Beurs en retrait, jeunes Noirs en pointe
C'est l'ultime tabou français: «Vaut-il mieux traiter les “lieux'' ou s'occuper des “gens''?» demande Marie-Christine Jaillet, chercheuse à l'université Toulouse-le Mirail. Depuis la Marche des beurs, en 1983, on sait que le «qui» l'emporte sur le «où», mais les gouvernements ne savent que répondre. Aujourd'hui, dans les émeutes, les beurs sont en retrait et les jeunes Noirs en pointe, mais les observateurs ne savent comment le dire. «Modèle républicain oblige, poursuit Jaillet, il n'est pas politiquement correct, en France, de prendre en compte la dimension ethnique», que la récupération par le FN a par ailleurs incité à «euphémiser». La question est désormais ouverte et, avec pragmatisme, la France doit lui apporter des réponses. Parce que l'urbanisme n'est pas la seule solution pour ces jeunes Français qui ne croient pas à la France, au point d'y mettre le feu. Ni l'état d'urgence, la seule réponse pour ceux qui voient brûler leur voiture.

[Subtitle] Arabs** in retreat, young Blacks at the front

It's the ultimate French taboo: "Should we be dealing with 'places' or with 'people'?" asks Marie-Christine Jaillet, a researcher at the Universiy of Toulouse-le-Mirail. Since the Arab March of 1983***, we know that the "who" takes precedence over the "where," but governments know only how to react. Today, in the riots, Arabs are falling back and young Blacks are at the front, but observers don't know how to express this. "The republican model obliges us," says Jaillet, "It's not politically correct in France to talk about the ethnic situation," which, thanks to the National Front's comeback, has prompted "euphemizing." The question is now in the open, and France needs to come up with pragmatic responses to it: urbanism is not the only solution for these French youths, whose lack of belief in France leads them to set it on fire. Nor is [the declaration of] a state of emergency the only response for those who see their cars burning.

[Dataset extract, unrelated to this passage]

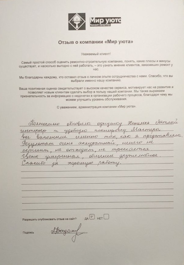 Мы самостоятельно получаем разрешения на работы, требующие согласования с управляющей компанией или государственными органами, включая снос перегородок, возведение новых простенков, монтаж радиаторов отопления, установку теплого пола или проведение электрики.

*"L'alliance du béton et du bâton" is a clever pun. "Le béton" means "concrete," a reference to Borloo's building projects. "Le bâton" means "stick" or "baton," as in a police baton. I was sorely tempted to preserve the punniness by translating that phrase as "the alliance between brick and stick," brick being a building material, and "stick" being a reference to the "nightstick." What do you think? Is that a better choice of words?

**"Beurs" is defined in one dictionary as: (nom commun) Jeune Maghrébin né en France. = a young Maghrebin born in France.

***La Marche des Beurs = a huge protest march in 1983 following rioting in the Arab quarters. The purpose of the march was anti-racist and pro-egalitarian. A French article from 2003, reminiscing on the 20th anniversary of the Arab March, can be found here. If anyone's interested, I'll translate the article, which contains a good bit of history and shows how, in the space of only two decades, history seems to be repeating itself at increasingly frequent intervals in France.